Whether you’re taking a basic accounting course, or running a business, the cost of goods sold figure is one of the most important lines on the entire income statement. After all, Revenue – Cost of Goods Sold (also known as COGs), equals the gross profit of the business. Understanding the cost of goods in a business you run, or a business you plan on investing in, is crucial. The good news is, the cost of goods sold formula is easy to understand. Let’s dive into everything you need to know about COGs.
What is the COGs Formula
Let’s start high level and cover the cost of goods sold formula. In its simplest form, the cost of goods formula has three variables:
- The beginning or starting inventory balance
- The total purchases over a given period
- The ending inventory balance
The easiest way to understand the formula is to see it in action. Let’s apply the above variables to a specific calendar month (January).

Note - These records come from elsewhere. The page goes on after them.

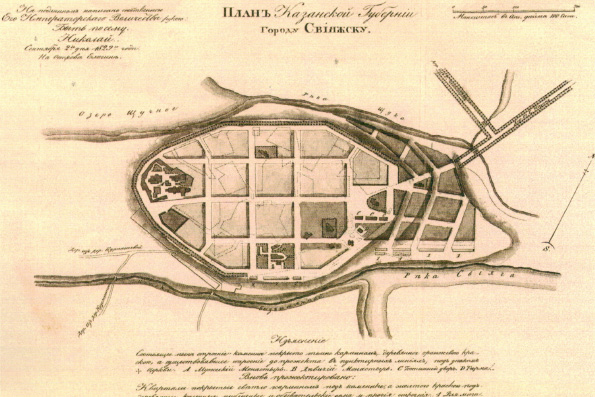 Для Свияжска в конце XVIII века было разработано несколько вариантов регулярного плана (Высочайше утвержденный план относился к 1829 году). Предусматривалось дорегулярную планировку заменить равномерной сеткой кварталов из трех меридиональных улиц и четырех широтных переулков, охваченных по периметру острова набережной-бульваром. Предполагался единственный въезд в город. Новым планом главная площадь с собором делилась скверами и застройкой на несколько зон.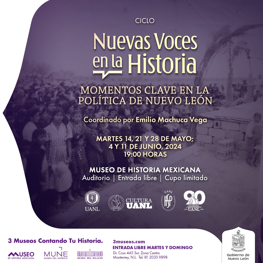 El ciclo Nuevas voces en la historia. Momentos clave en la política de Nuevo León, se realizará los martes del 14 de mayo al 11 de junio a las 19:00 horas, en el Museo de Historia Mexicana, si desea más información pude consultar la página www.3museos.com.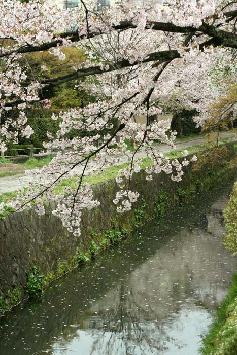 Дългият път осеян с листа на сакура към Гинкакуджи, Киото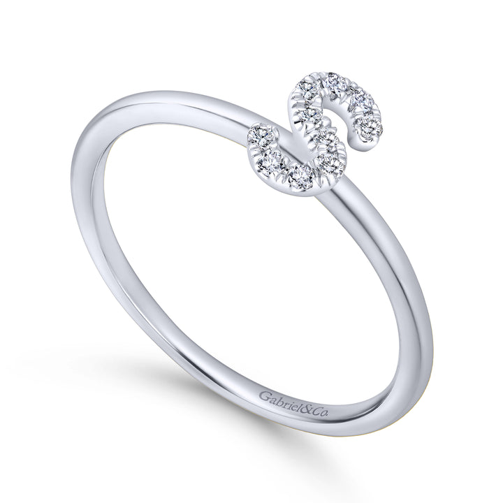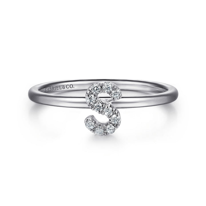 Indulge in a little personalized sparkle thanks to this 0.06ct diamond initial ring. Part of our stackable collection, we love it layered with other rings or worn alone. A simple band of polished 14K white gold is the perfect backdrop for the diamond encrusted "S" initial.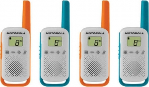 Комплект портативных раций Motorola T42 QuadПортативная рация Motorola Talkabout T 42 Quad - хороший девайс для всех, кто со всей серьезностью относится к стилю и простому разговору. Рация Моторола Talkabout T42 Quad гарантирует надежную связь с моментальными оповещениями одним нажатием клавиши. Простые, компактные и удобные рации для всей семьи. Вы можете пользоваться ими в магазине, на пляже или просто в саду — Моторола Talkabout T 42 Quad идеально подходит для того, чтобы оставаться на связи с вашей семьей на отдыхе.Безлицензионная радиостанция MOTOROLA Talkabout T42 Quad предоставляет владельцу мощность 0,5 Вт, целых 16 каналов связи и простую настройку группового вызова. Кнопки управления, расположенные прямо под экраном, будут понятны даже ребенку. На клавиатуру можно установить блокировку. Работает от батареек ААА (3 шт.) или аккумуляторов (докупаются отдельно). Одна рация из комплекта Моторола Talkabout T-42 Quad весит всего 79 г, что очень важно для маленьких ручек, а с помощью клипсы она будет прочно закреплена на поясе.Функция сопряжения помогает настроить связь в один момент, а затем разговаривать с семьей и друзьями по простому нажатию кнопки. С поддержкой 16 каналов, ЖК-дисплеем и дальностью связи на расстоянии до 4 км радиостанция Talkabout T42 Quad незаменима, чтобы оставаться в курсе событий и наслаждаться каждым моментом.Motorola Talkabout T-42 Quad – комплект, в состав которого входят две рации базового уровня. Они ярко выглядят, и их можно персонализировать с помощью прилагающихся к ним наклеек. Устройства подходят для использования во время игр, туристических походов и отдыха с родственниками или друзьями.Рация Motorola Talkabout T42 Quad позволяет всегда поддерживать связь. В любом месте устройство показывает хорошие свойства. В парке со своими детьми/на пляже, на отдыхе с друзьями или в дороге рация позволит поддерживать связь. Девайсы легко сопрягаются и поддерживают устойчивую связь на расстоянии до 4 км. Достаточно одного нажатия кнопки, чтобы обратиться к владельцу аналогичного прибора либо самому ответить на вызов. Важная информация выводится на яркий цифровой дисплей. Хватит одного взгляда, чтобы выяснить, на каком канале вы сейчас находитесь, каков уровень принимаемого сигнала и сколько энергии осталось в батарейках. Благодаря прорезиненному покрытию эта модель не выскользнет из ладони. Её можно носить на поясе, также предусмотрено крепление для шнурка.Парный комплект любительских раций от бренда Motorola станет отличным подарком не только для активных детей, но и взрослых, которые обожают простоту и яркость. Для Motorola Talkabout T 42 Quad не нужна лицензия. Радиус действия при отсутствии помех - 4 км. Легкость, простота эксплуатации и автономность – главные преимущества модели. Начните разговаривать сразу после нажатия кнопки!Motorola Walkie-Talkie TalkAbout T42, Quad, 16 Channels, 4km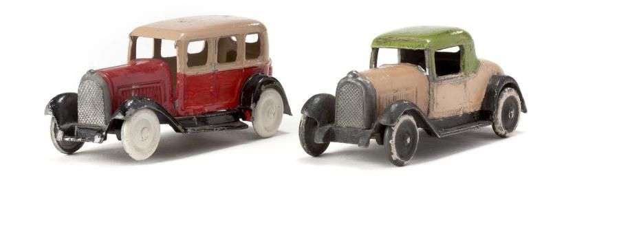 - Faux Cabriolet B14 G, roues métal, beige et vert, châssis noir.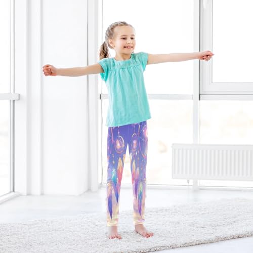 Fantasy Dream Catcher Colorful Feather Girls Casual Leggings for Kids Printed Long Pant Bottoms Stretch and Soft 4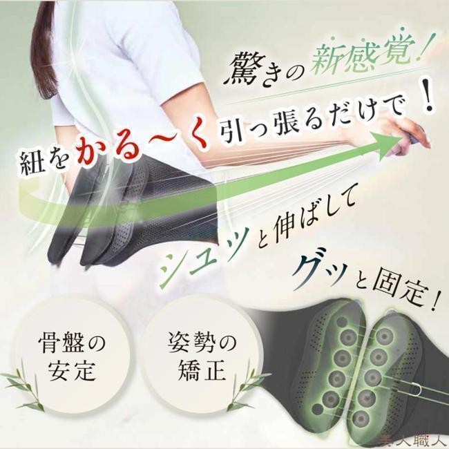腰が痛い、姿勢が悪い、という悩みをはじめ、腰まわりが緩んできた、ぽっこりお腹が気になる…など引きも切らない腰まわり事情を一気に解決してくれる話題のアイテムです。

- On January 1st, your business has $100,000 of inventory on the shelf
- Throughout January, you’re business purchases and receives $25,000 of inventory, while simultaneously selling through some of your inventory on the shelf to fulfill customer orders
- On January 31st, you have a total inventory balance of $95,000. How much inventory did you use? The answer is the cost of goods sold, which in this example is $30,000 ($100,000 starting balance + $25,000 in received purchases – $95,000)
Why are COGs Important?
COGs are critically important to a business as COGs directly impact a business’s profit margin and profit dollars. If your cost has increased, your business will be less profitable unless you pass that increased cost onto your customers. If you find a way to decrease your COGs, your business will be more profitable, and that unlocks an endless amount of opportunities.

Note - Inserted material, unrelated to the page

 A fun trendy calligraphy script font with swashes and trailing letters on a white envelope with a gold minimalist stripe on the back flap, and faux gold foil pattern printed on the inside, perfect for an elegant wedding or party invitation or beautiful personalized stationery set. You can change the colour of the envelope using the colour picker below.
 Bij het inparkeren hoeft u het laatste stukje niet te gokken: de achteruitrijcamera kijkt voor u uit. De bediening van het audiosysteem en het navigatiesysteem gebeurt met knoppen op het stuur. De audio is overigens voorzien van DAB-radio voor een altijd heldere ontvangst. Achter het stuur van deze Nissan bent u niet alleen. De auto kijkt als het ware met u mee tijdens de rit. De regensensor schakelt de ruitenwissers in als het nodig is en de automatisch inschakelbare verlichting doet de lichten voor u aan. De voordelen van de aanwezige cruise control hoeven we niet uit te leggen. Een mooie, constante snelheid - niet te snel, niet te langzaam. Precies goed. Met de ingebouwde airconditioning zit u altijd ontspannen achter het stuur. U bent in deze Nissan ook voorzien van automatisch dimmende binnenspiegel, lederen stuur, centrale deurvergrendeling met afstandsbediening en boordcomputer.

What Goes Into the Cost of Good?
Understanding what goes into the cost of goods is a bit more nuanced. There is some grey area here, and depending on the business’s accounting method will dictate what costs truly get baked into the cost of goods formula. Here are some of the most common variables that all influence the cost of goods line item.
Raw Material Cost
Material cost greatly influences the COGs. Imagine if you are in the business of printing t-shirts. Your business buys blank t-shirts from a t-shirt manufacturer, and you were able to buy 500 blank t-shirts for $1,000, or $2 a shirt. If the price of cotton increases (which is the material your t-shirts are made out of), chances are the manufacturer will raise your price. Now instead of paying $1,000 for 500 t-shirts, you may be paying $1,200 for 500 shirts, or $2.40 each!
Shipping and Importing Cost
Another standard accounting practice is to add the cost of shipping the product to your facility into the cost of goods. For example, if those 500 shirts all fit on one pallet, and it costs $250 to ship that one pallet from the manufacturer to your facility, you could take the $250 and divide that into the 500 shirts, which would add $0.50 to your cost of goods.

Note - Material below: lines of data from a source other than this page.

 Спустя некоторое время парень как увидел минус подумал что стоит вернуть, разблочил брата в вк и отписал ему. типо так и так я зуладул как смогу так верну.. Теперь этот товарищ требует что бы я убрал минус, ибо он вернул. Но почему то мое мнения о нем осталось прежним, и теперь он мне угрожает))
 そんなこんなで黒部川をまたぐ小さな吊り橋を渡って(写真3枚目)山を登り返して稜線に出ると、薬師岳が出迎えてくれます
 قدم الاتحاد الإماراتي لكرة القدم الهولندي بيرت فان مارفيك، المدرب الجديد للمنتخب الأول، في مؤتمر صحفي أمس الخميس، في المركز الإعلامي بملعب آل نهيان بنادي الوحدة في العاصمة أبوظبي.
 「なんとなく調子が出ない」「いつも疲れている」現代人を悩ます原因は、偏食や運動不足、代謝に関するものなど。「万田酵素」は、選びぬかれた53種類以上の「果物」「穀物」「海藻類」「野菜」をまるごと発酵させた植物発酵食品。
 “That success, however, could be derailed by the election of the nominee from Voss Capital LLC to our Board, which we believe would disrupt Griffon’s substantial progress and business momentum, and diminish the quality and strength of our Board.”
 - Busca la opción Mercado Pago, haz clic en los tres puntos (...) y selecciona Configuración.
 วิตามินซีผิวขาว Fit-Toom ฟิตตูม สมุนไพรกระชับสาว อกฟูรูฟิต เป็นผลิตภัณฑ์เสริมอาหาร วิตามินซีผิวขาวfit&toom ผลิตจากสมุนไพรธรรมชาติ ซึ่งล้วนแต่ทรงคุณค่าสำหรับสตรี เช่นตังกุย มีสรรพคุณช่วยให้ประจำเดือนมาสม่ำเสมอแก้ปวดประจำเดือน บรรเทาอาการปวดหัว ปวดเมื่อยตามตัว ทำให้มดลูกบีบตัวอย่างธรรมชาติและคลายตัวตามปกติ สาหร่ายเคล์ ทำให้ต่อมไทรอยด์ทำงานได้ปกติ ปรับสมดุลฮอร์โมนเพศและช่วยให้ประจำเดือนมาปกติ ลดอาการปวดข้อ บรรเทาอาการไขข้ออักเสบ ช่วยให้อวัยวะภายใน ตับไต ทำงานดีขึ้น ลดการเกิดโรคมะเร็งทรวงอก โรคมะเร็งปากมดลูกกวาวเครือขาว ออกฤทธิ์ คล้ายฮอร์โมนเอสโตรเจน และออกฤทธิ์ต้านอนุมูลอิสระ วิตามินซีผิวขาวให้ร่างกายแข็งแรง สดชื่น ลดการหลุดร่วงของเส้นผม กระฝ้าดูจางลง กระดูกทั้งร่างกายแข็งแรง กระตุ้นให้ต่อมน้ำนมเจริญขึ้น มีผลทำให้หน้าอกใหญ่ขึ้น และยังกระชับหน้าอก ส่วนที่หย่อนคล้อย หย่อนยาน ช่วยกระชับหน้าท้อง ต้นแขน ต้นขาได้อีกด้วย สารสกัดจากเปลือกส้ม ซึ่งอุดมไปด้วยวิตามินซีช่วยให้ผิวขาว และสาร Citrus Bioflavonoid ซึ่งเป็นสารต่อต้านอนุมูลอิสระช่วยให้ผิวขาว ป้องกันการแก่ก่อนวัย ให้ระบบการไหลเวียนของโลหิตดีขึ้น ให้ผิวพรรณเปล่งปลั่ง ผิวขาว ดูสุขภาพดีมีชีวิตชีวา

Following the same t-shirt example, you’d also need to take into account the cost involved in creating the product you sell. For example, if you print a design on the t-shirts before reselling them, or if you add a patch to the sleeves, those costs would need to be added to the cost of goods. Patches, ink, logos, etc all influence how much each item costs you to produce, therefore, it influences the cost of goods sold.
What Financial Statement Shows the COGs?
If you’re looking for the cost of goods on a financial statement, jump over the income statement. The cost of a goods line item is one of the first line items on any income statement. Some companies may have the cost of goods tucked below the cost of revenue – which would be a more encompassing figure that shows the all-in cost of the revenue.
The cost of goods sold and inventory are closely tied together. However, the income statement will not show your inventory balance. If you’re looking for the starting and ending inventory balance, you’ll find that on the balance sheet.
Maximize Your Profit
If you’re looking to maximize the profit of your business, you’ll need to reduce your cost. There is not a one size fits all approach to reducing your cost, but the following examples are common practices.
Eliminate the Middle Man
Make sure you are buying from the best source at all times. Buying directly from a manufacturer, and not a reseller, will ensure you’re getting the lowest price possible. After all, if a reseller is selling you an item, keep in mind that the reseller is also making a profit!
Buy in Bulk
Many suppliers or manufacturers will offer incentives for bulk purchases. Instead of buying 500 t-shirts for $1,000, you may be able to buy 2,000 t-shirts for $3,500! That savings quickly adds up, and can quickly help you improve your product margins.
A Simple Formula, But a Powerful Outcome
The cost of goods formula is one of the first formulas you’ll learn about in an accounting class. If you’re running a business, it will also be one of the formulas you become most familiar with considering its importance on your bottom line. Understanding the nuances of this formula, and the costs that produce this number can change by industry or business. However, one thing is consistent – and that is the importance this formula has on your bottom line.
Each business may have a slight variation in what costs they include in the cost of goods sold formula. However, most businesses will include; the raw material cost, a shipping cost, and any accessory cost involved in producing the final product for sale.
The formula for calculating the cost of goods is as follows; (starting inventory balance + received purchases) – ending inventory balance.